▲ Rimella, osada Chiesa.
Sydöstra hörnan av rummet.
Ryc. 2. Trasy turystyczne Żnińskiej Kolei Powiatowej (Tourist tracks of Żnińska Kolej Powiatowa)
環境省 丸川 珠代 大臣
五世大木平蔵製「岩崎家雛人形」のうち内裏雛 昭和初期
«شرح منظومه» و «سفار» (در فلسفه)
**********
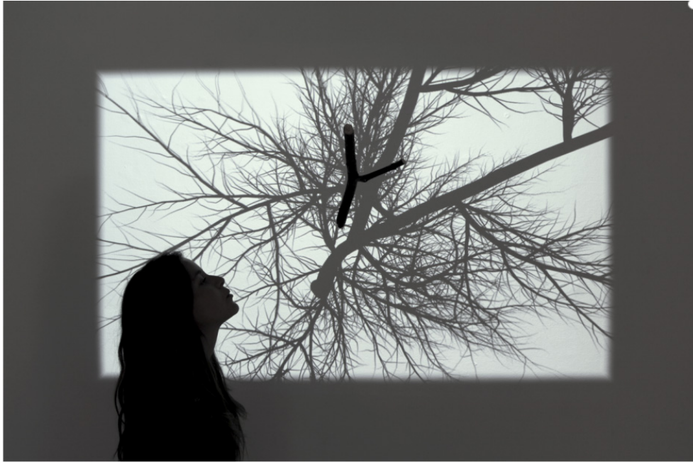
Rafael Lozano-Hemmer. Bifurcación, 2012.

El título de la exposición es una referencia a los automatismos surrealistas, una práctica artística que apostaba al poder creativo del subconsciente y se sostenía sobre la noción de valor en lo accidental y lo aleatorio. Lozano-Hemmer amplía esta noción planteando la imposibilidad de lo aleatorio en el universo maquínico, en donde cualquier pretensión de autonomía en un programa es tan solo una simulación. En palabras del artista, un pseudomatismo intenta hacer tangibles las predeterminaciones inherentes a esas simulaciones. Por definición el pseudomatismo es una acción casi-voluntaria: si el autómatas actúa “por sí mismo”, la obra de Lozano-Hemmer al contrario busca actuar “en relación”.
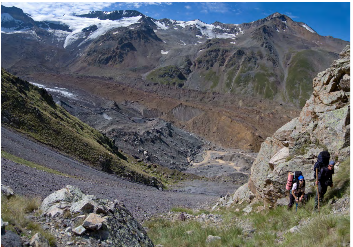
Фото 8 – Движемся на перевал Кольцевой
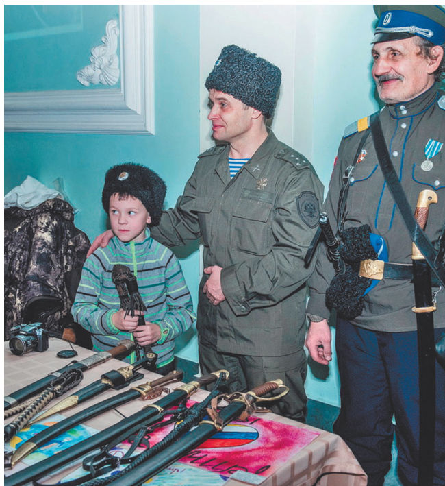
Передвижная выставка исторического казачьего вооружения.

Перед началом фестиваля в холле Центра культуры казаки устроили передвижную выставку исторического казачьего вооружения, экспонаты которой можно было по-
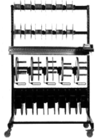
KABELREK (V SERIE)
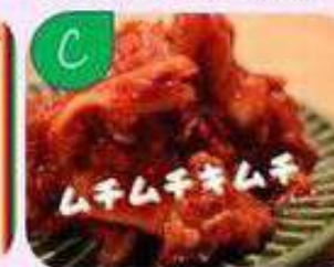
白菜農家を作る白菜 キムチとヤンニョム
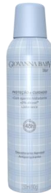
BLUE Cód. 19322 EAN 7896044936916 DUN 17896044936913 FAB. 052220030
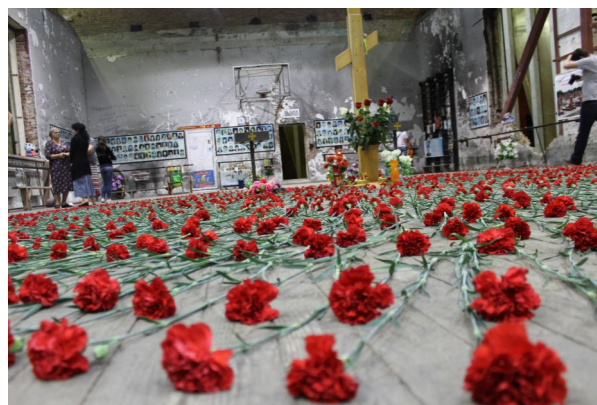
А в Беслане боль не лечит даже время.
**********
## What you should do
Where a line in the entries holds "вооружения", copy that line.

## Answer to the exercise
Передвижная выставка исторического казачьего вооружения.
Перед началом фестиваля в холле Центра культуры казаки устроили передвижную выставку исторического казачьего вооружения, экспонаты которой можно было по-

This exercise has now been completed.